STATE of Florida, Appellee.
No. 2D00-2818.
District Court of Appeal of Florida, Second District.
January 17, 2001.James Marion Moorman, Public Defender, and Deborah K. Brueckheimer, Assistant Public Defender, Bartow, for Appellant.
ORDER GRANTING APPOINTED COUNSEL'S MOTION TO WITHDRAW
In this summary appeal proceeding under Florida Rule of Appellate Procedure *1089 9.141(b)(2), John Allen Rowe challenges the trial court's denial of his motion to correct sentence alleging an entitlement to relief pursuant to Heggs v. State, 759 So. 2d 620 (Fla.2000). Appointed counsel has moved this court to withdraw from representing him. By prior unpublished order we granted the motion to withdraw and provided Rowe time to file a brief pro se if he so chose.

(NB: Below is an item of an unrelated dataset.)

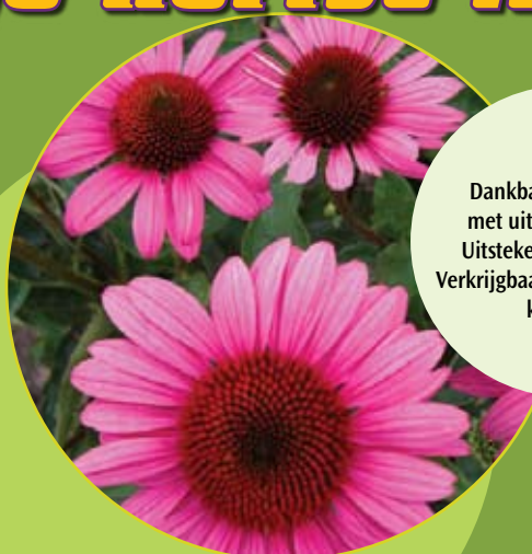
Echinacea in cultivars Zonnehoed c1,5

Dankbare vaste plant met uitbundige bloei. Uitstekende snijbloem. Verkrijgbaar in verschillende kleuren.
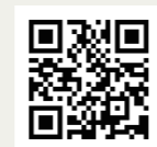
丹波焼の情報は こちらから

The trial court, in denying Rowe's motion to correct sentence, appointed the Tenth Circuit Public Defender to represent Rowe on appeal.[1] In his motion to withdraw, the Public Defender relies upon section 924.051(9), Florida Statutes (2000), which provides that "[f]unds, resources, or employees of this state or its political subdivisions may not be used, directly or indirectly, in appellate or collateral proceedings unless the use is constitutionally or statutorily mandated." The Fourth District in Gantt v. State, 714 So. 2d 1116, 1117 (Fla. 4th DCA 1998), pointed to this provision in its admonition to trial courts when considering appointment of counsel in appeals involving collateral attacks on judgments or sentences. "Appointment of counsel in these proceedings is not a matter of right," wrote the Fourth District, and "[c]ourts should apply the standards enunciated in Graham [v. State, 372 So. 2d 1363 (Fla.1979)] to determine whether the appointment of appellate counsel is required." Gantt, 714 So.2d at 1117.

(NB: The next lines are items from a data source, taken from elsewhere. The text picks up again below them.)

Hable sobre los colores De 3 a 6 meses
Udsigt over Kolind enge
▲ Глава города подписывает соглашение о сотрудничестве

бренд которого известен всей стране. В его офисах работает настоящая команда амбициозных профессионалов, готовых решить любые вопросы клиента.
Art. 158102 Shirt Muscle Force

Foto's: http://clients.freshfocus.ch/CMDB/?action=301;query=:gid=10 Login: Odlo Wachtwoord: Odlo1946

Graham, 372 So. 2d 1363, addresses the necessity for the appointment of counsel at the trial court level prior even to the filing of a pro se motion for postconviction relief. While some of the language in Graham's enunciation of guidelines for the appointment of counsel does not apply in the appellate contextthe need for an evidentiary hearing, for exampleit does provide parameters that are useful in determining when due process requires counsel's participation in postconviction appeals. Among the other concerns noted by the supreme court in Graham are the adversary nature of the proceeding, its complexity, and the need for substantial legal research. See Graham, 372 So.2d at 1366; see also Gantt, 714 So. 2d 1116; Schneelock v. State, 665 So. 2d 1063 (Fla. 4th DCA 1995).
In the aftermath of Heggs, this court has witnessed an unprecedented involvement of appointed counsel in summary appeals, owing both to notices of appeal filed by counsel appointed during trial court postconviction proceedings and to specific orders from trial courts appointing counsel on appeal. The limited range, and general simplicity, of issues arising in Heggs summary appeals suggests that appointed counsel may seldom be constitutionally necessary. We have examined Rowe's claim and conclude that there is nothing about it that would constitutionally compel the appointment of counsel.
We do not foreclose by this opinion the possibility that due process might require the appointment of counsel in an unusual summary postconviction Heggs appeal and suspect this would become evident most commonly during the consideration of the appeal by the panel of judges assigned to it. In such a case, an appellate panel could order the appointment of counsel and make any necessary adjustments in the briefing timetable it deemed necessary.
The motion to withdraw filed by the Tenth Circuit Public Defender is granted.
BLUE, A.C.J., and FULMER and DAVIS, JJ., concur.
NOTES
[1] We note that the trial court's decision to appoint counsel on appeal was encouraged by the assistant public defender representing Rowe during the brief hearing on the motion, and that the appointment of counsel was invited by the same entity now moving to withdraw, the Tenth Circuit Public Defender.